3. Cooked lentils, steam fried onions and garlic, fresh or steamed kale
4. Cooked millet, steamed Brussels sprouts and onions.


Cut vegetables such as carrots, peppers, jicama, green beans and any of your favorites.

Spicy Sunflower Seeds
1 cup sunflower seeds (soaked overnight in good water)
Braggs liquid aminos
Real Salt
Powdered onion
Zip or cayenne peppe

Drain the seeds and place on dehydrator tray screen. Spray with Bragg’s . Dust with Real Salt, powdered onion, and Zip or cayenne. Dehydrate for 24-36 hours.

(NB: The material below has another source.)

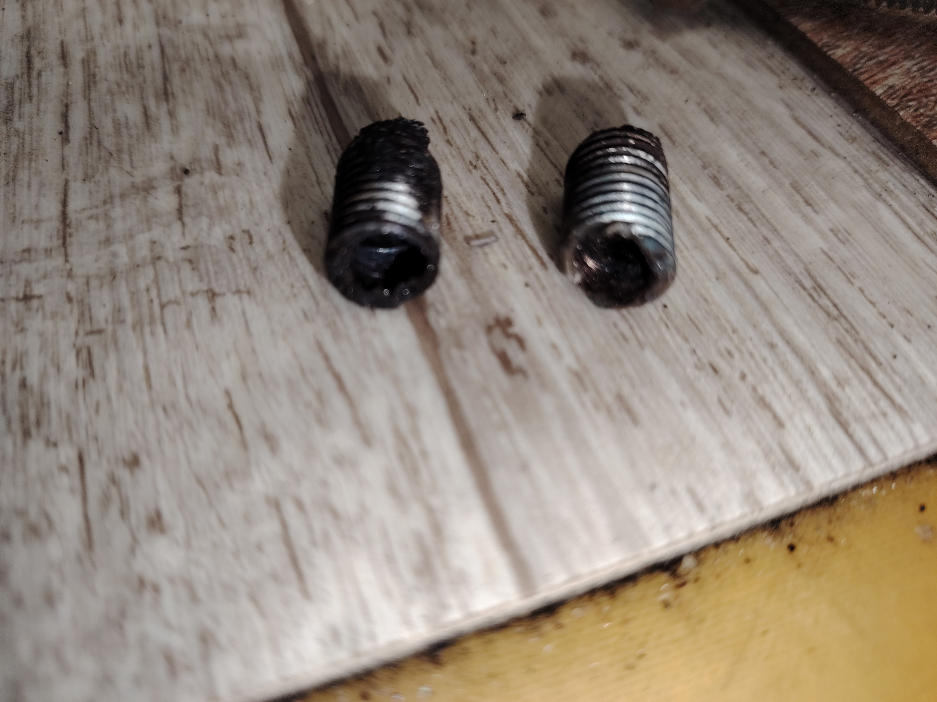 Утром купил новые свёрла. Начал высверливать сначала 6-й — ииии…болт под воздействием сверла просто выкрутился вовнутрь! Со вторым промучился чуть дольше, отказывался он повторять судьбу собрата. При ближайшем рассмотрении оказалось, что у его немного развальцевало, поэтому он не выкручивался. Спилил его заподлицо с корпусом, прошелся чутка большим сверлом, снял фаску. Дальше опять взял 6ку — и болт тоже выкрутился! Вот тут я почувствовал дичайшее облегчение! А то уже чуть ли не паника начиналась и отчаяние…
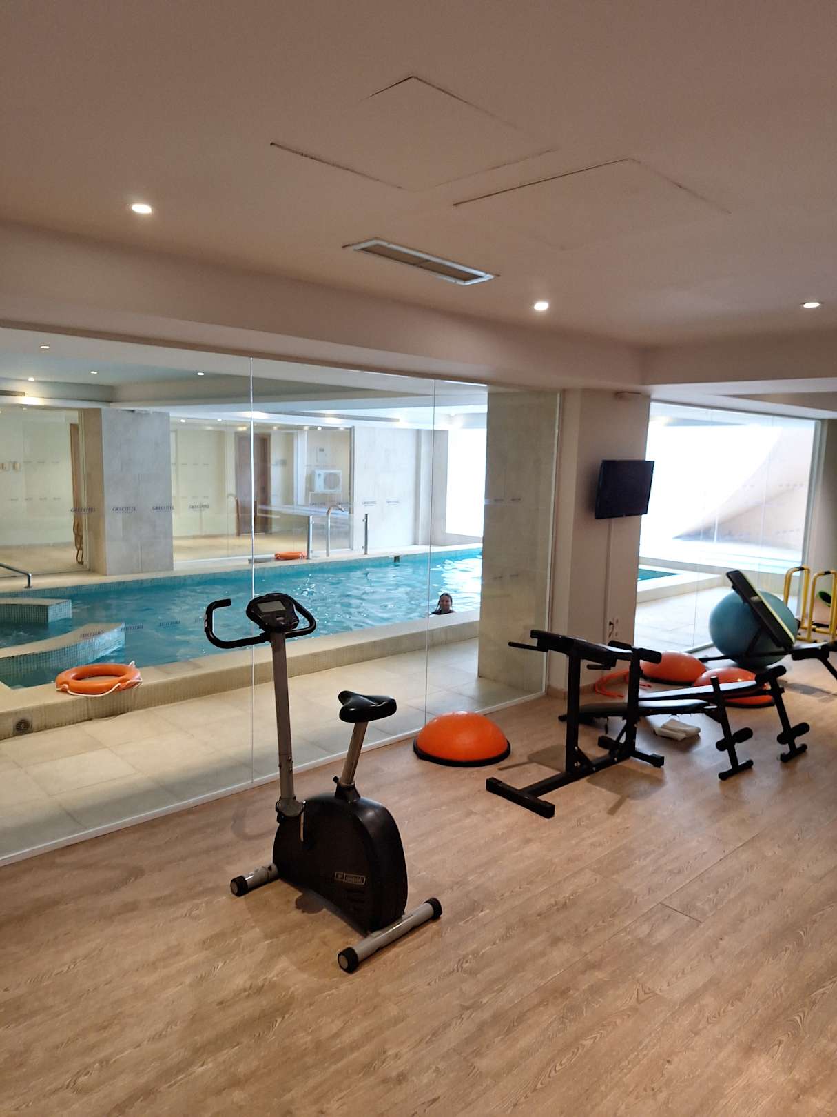 Fitnessbereich mit Blick auf den Indoorpool

Tofu Hummus and veggie sticks

8 oz tofu
½ cup raw tahini
½ lemon, juiced
1 tsp cumin
2-3 sun dried peppers or tomatoes
1 clove garlic
½ tsp real salt
Blend all ingredients together

Almond Milk
1 cups fresh, raw almonds
Liter pure water (plus or minus depending upon how creamy you like it)
4-6 ice cubes to keep milk from heating in high speed blending
Nut bag (best, and worth it to buy), nylon stocking, or cheese cloth for straining

Soak almonds overnight in good water and Real Salt. Rinse and drain. Place the almonds into blender unit. Then add pure water. Blend on high speed until you have a white, creamy looking milk. Take a nylon stocking (clean, white) or fine cheese cloth. Strain the mixture through into bowl or pan. Squeeze with your hands to ge the last of the milk through and think with water to desired consistency. Drink as is or use in soups, shakes or puddings.

On the run

Stuff salad into a sprouted tortilla and make a wrap. Always remember to carry oil and real salt with you if you decide to eat out.

Make good choices for lunch and customize your salad. Either bring an avocado or make sure they have some available. Ask for lemon to complete your dressing.